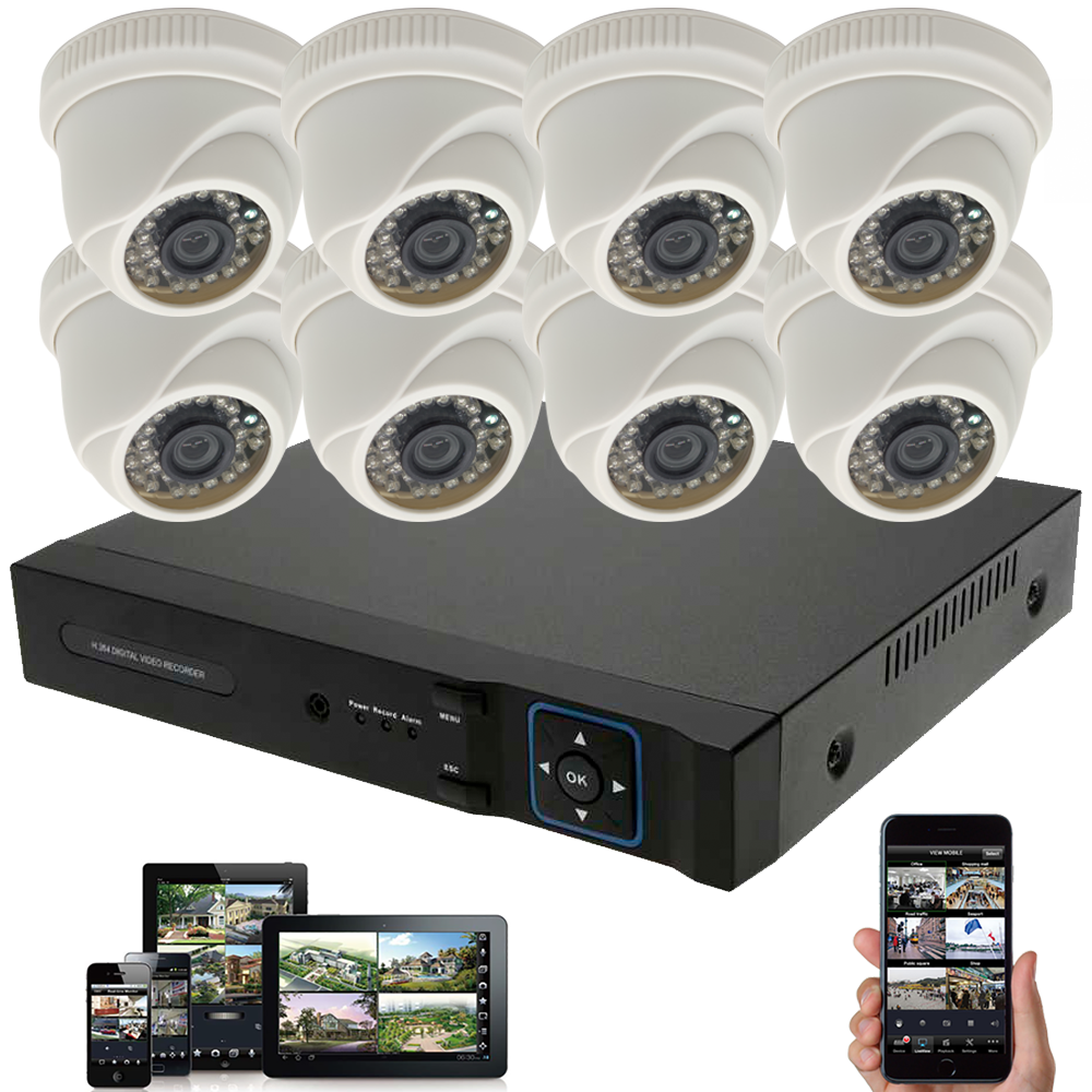 8x 5MP 4in1 Dome Überwachungskamera Set Full HD 8 Stück AHD CVI TVI CVBS Innen Kamera Digistar mit 8CH 5MP Hybrid Aufnahmegerät Viva Innen Bereich
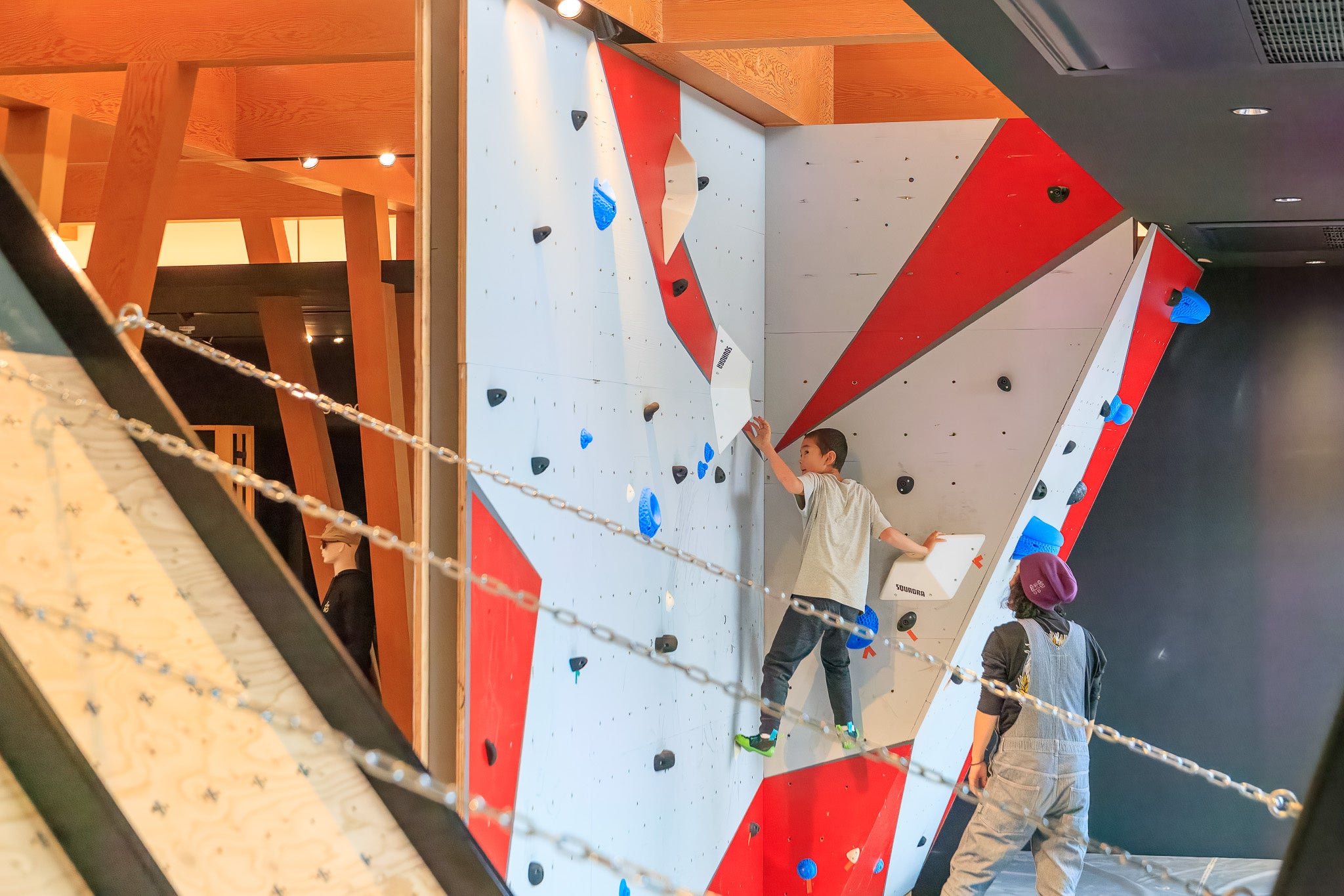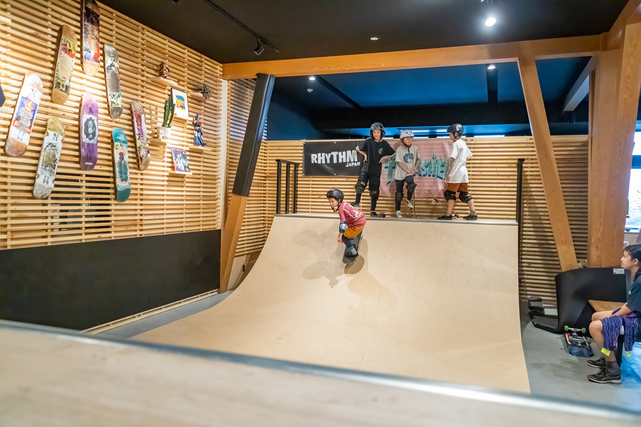 リズムベース アクティビティーセンターでは、インドアボルダリング(キルターボード)、スケートミニランプ、さらにアウトドアスペースには、スケートパーク、パンプトラック、トランポリン、スラックラインなどを設置し、来店者に向けて幅広いアクティビティーを提供致します。
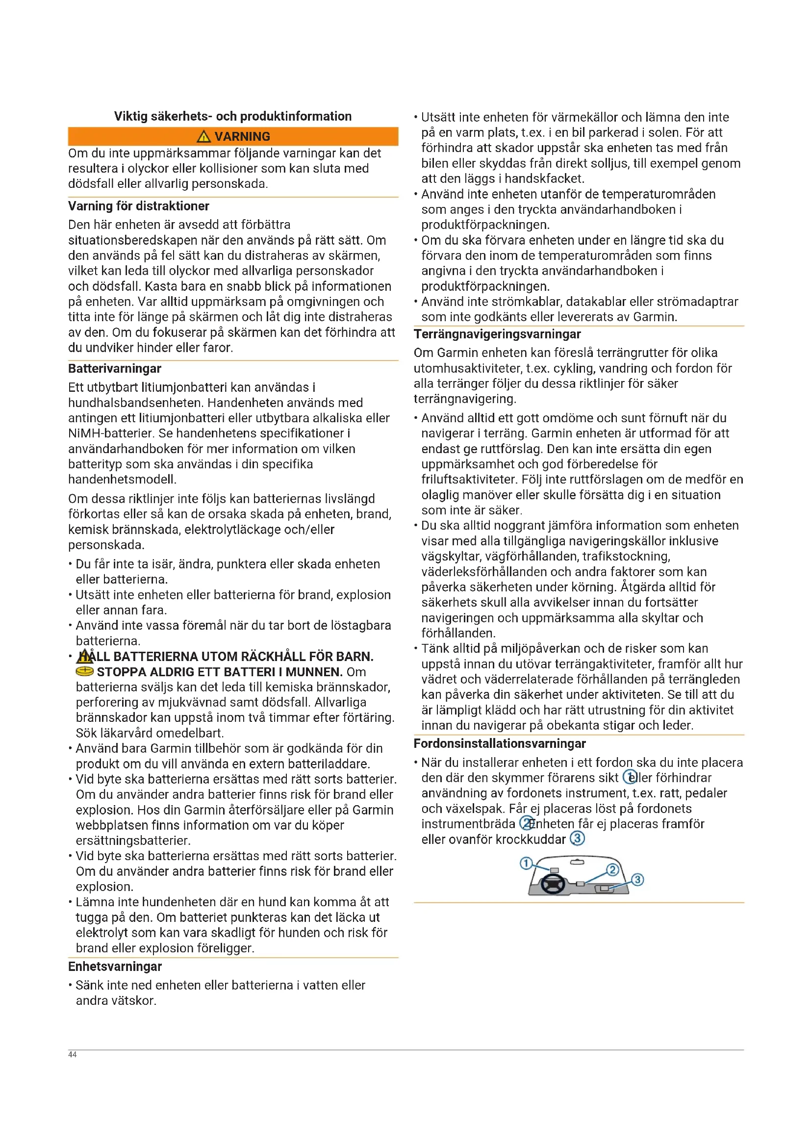 - Använd alltid ett gott omdöme och sunt förnuft när du navigerar i terräng. Garmin enheten är utformad för att endast ge ruttförslag. Den kan inte ersätta din egen uppmärksamhet och god förberedelse för friluftsaktiviteter. Följ inte ruttförslagen om de medför en olaglig manöver eller skulle försätta dig i en situation som inte är säker.
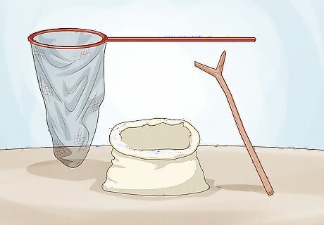 Prepare your materials. Luckily, you don't need any special equipment to catch garter snakes. Because they are not harmful to humans, you don't need to worry about expensive protective gear (though you should take care to not get bitten in order to avoid a possible secondary infection—plus, it probably won't feel too great to be bitten, even if the bite won't cause lasting damage!). Some materials that you may find helpful are a soft net, bag and/or pillowcase and a forked stick. We'll explain how you will use these materials in subsequent steps. Alternatively, you can bring a large bucket along with your forked stick. Make sure that the bucket has a lid with ventilation.
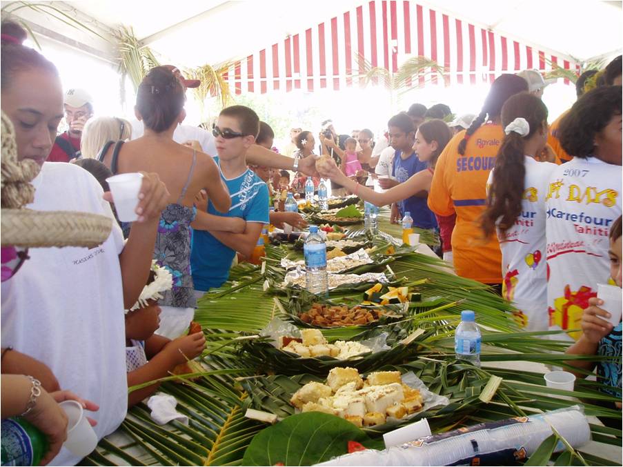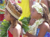 After the opening ceremonies, the villagers invited all to feast on the cakes, fruit, poisson cru (seafood "cooked" in lime juice), poi, coconut meat and many other dishes. Notice that the treats are presented on woven palm platters. |
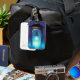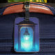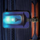 This luggage tag has a lantern on it.
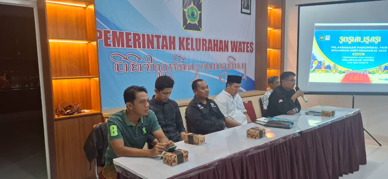 Pada hari Selasa Tanggal 12 Agustus 2025 di aula Kelurahan Wates di laksanakan Rapat Koordinasi Sosialisasi Pelaksanaan Manunggal Fair Binangun Kertaraharjo Tahun 2025 bersama Pemerintah dan Warga Kelurahan Wates dan sekitarnya. Hadir dalam acara Direktur Perusahaan Umum Daerah Aneka Usaha Kulon Progo Bapak Muhammad Nasta'in, S.E., M.M., Dinas Perhubungan, Dinas Lingkungan Hidup, Dinas Perdagangan, Dinas Satpol PP Kulon Progo, Kapolsek Wates, Lurah Wates, Bhabinkamtibmas, Babinsa Kelurahan Wates dan Ketua RW, Ketua RT, Jaga Warga, Linmas, Karang Taruna dari wilayah Beji, Punukan dan Terbah dan juga wakil dari Gereja Kristen Jawa (GKJ) dan Gereja Santa Maria Bunda Penasihat Baik Kelurahan Wates.
○ ○ ○ ○ ○ ○ ○
▶ [WHAT TO WORK ON]:
In your copy, restate the data above word for word but leave out any picture.

▶ [TASK ANSWER]:
 8x 5MP 4in1 Dome Überwachungskamera Set Full HD 8 Stück AHD CVI TVI CVBS Innen Kamera Digistar mit 8CH 5MP Hybrid Aufnahmegerät Viva Innen Bereich
 リズムベース アクティビティーセンターでは、インドアボルダリング(キルターボード)、スケートミニランプ、さらにアウトドアスペースには、スケートパーク、パンプトラック、トランポリン、スラックラインなどを設置し、来店者に向けて幅広いアクティビティーを提供致します。
 - Använd alltid ett gott omdöme och sunt förnuft när du navigerar i terräng. Garmin enheten är utformad för att endast ge ruttförslag. Den kan inte ersätta din egen uppmärksamhet och god förberedelse för friluftsaktiviteter. Följ inte ruttförslagen om de medför en olaglig manöver eller skulle försätta dig i en situation som inte är säker.
 Prepare your materials. Luckily, you don't need any special equipment to catch garter snakes. Because they are not harmful to humans, you don't need to worry about expensive protective gear (though you should take care to not get bitten in order to avoid a possible secondary infection—plus, it probably won't feel too great to be bitten, even if the bite won't cause lasting damage!). Some materials that you may find helpful are a soft net, bag and/or pillowcase and a forked stick. We'll explain how you will use these materials in subsequent steps. Alternatively, you can bring a large bucket along with your forked stick. Make sure that the bucket has a lid with ventilation.
 After the opening ceremonies, the villagers invited all to feast on the cakes, fruit, poisson cru (seafood "cooked" in lime juice), poi, coconut meat and many other dishes. Notice that the treats are presented on woven palm platters. |
 This luggage tag has a lantern on it.
 Pada hari Selasa Tanggal 12 Agustus 2025 di aula Kelurahan Wates di laksanakan Rapat Koordinasi Sosialisasi Pelaksanaan Manunggal Fair Binangun Kertaraharjo Tahun 2025 bersama Pemerintah dan Warga Kelurahan Wates dan sekitarnya. Hadir dalam acara Direktur Perusahaan Umum Daerah Aneka Usaha Kulon Progo Bapak Muhammad Nasta'in, S.E., M.M., Dinas Perhubungan, Dinas Lingkungan Hidup, Dinas Perdagangan, Dinas Satpol PP Kulon Progo, Kapolsek Wates, Lurah Wates, Bhabinkamtibmas, Babinsa Kelurahan Wates dan Ketua RW, Ketua RT, Jaga Warga, Linmas, Karang Taruna dari wilayah Beji, Punukan dan Terbah dan juga wakil dari Gereja Kristen Jawa (GKJ) dan Gereja Santa Maria Bunda Penasihat Baik Kelurahan Wates.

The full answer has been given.